Love this post! This is what I tell my kids all the time - I have a boy and a girl. They don't have to stand there and take abuse. They have my full blessing to stand up for themselves, and fight if need be.
They shouldn't start fights, but they should know how to end them.

Shannon

I'm way in the minority - and I'm headed out on the limb. I am disconcerted to see so much agreement here. Hang with me for a minute. I realize this isn't going to be the popular opinion in this group and I am not at all trying to be disagreeable or controversial. I'm talking about something I truly feel I have a solution for in the hope that someone might like something in my idea and adopt it to suit.

I know not everyone can do what my husband and I are doing, but more people could than are. We consider raising our kids and keeping them safe our most important responsibility and we've changed our lives to do it. Anyway, we're homeschooling - in large part because we feel there's just too much violence and too little supervision in schools. There are other options too (co-ops, communal tutoring, flexible work schedules), for people who couldn't do things the way we do if you're willing to think outside the box a little.

Imagine you're at work. In front of all your co-workers, you get big kudos from the boss for the great job you did. As all of you are filing out of the office, your co-worker, the bully, gives you a hard punch in the arm or shoves you down the stairs. Do you beat the crap out of the guy or do you just call the police because, "Hey, man, I don't have to take that kind of stuff." We have laws on our side - if, as a grown up, you're so poorly adjusted that you have to use your fists to express yourself, you're pretty much doomed to spend a lot of time in a very small space. My kid doesn't have those same protections. I'm my kid's protector. That's my job. My kids don't hang out with kids who are bullies. My kids don't watch television (unless you count the very occasional Kipper the Dog dvd) and are not subjected to violence they're not equipped to handle. My kids know they're safe, they're cared for, and they're loved - as all children should. I have a theory. My theory is that kids are rough because that's what they witness - or how they're treated - and because they're left on their own to figure out ways to handle things that they shouldn't have to. I've been in the same situation you described. I've been just as direct with the parent as you were, or, if the parent wasn't handy, with the kid. I don't hesitate to tell someone else's kid to settle down. Plenty loud enough for the parent to hear. And then I move my kid out of harm's way. Really, it's not "use your words" - it's "use your head" - and not as a battering ram. Violence begets violence. Take a good look around.

Ruth Dynamite

I'll never forget how empowered I felt as a kid when my dad not only told me it was OK for me to defend myself, but he taught me exactly how to do it.

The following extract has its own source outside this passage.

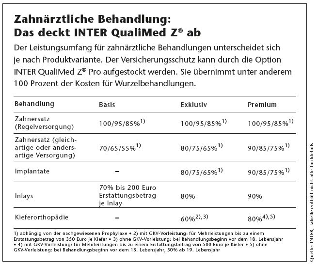 Eine solide Grundabsicherung bietet der QualiMed Basis. Diese Variante enthält etwa eine 100-prozentige Kostenübernahme für 50 Psychotherapie-Sitzungen bei einem Arzt oder zugelassenen Psychotherapeuten pro Jahr. Bei Unfällen ist eine Unterbringung im Ein- oder Zweibettzimmer vorgesehen. Bei Zahnersatz übernimmt die Inter hier 70 Prozent der Kosten.

Good for you for teaching your daughter how to stand up for herself.

Mocha

I'm pretty sure you've taken some flack for this but I don't have the time to read through all the comments.

However, I'm a realist. Practically speaking, your daughter resorted to the final thing that worked. That's the ultimate goal. As far as not encouraging violence or touching another person's body inappropriately, that child didn't know better. In fact, I was sort of pissed just reading it because I can almost hear the non-committal parent asking the child to stop when it should have been demanded.

What you are talking about here in the very childlike playground sense is what I've been dealing with in the almost grownup high school students and parents I deal with (um, have you read me lately? like, last week?) and I have to say that I'm CONSTANTLY talking about how their actions, when uncorrected, become a problem for others.

This reinforcing goes for the parents, too. That's a much harder lesson to teach adults. Trust me.

Mocha

Oh, wait. Crap. I didn't mean to hit post yet.

Last week when I got hurt in a fight between students and we had them separated the one who kicked me in my hand was trying to explain herself but was making OOOHHH sounds and crying and blustering her way through incoherent sentences.

Guess what I said to her?

Use your words! How am I supposed to understand you? You're nearly a grownup and you can't even speak to me about what you're feeling!

So, it was the violence first and the words second, but even a 17 year old had to be reminded that she actually has that capacity and that the responsibility here was upon HER.

Rhea

Bravo, bravo! I hope you can hear me clapping down here in Texas, because this post rocked my world.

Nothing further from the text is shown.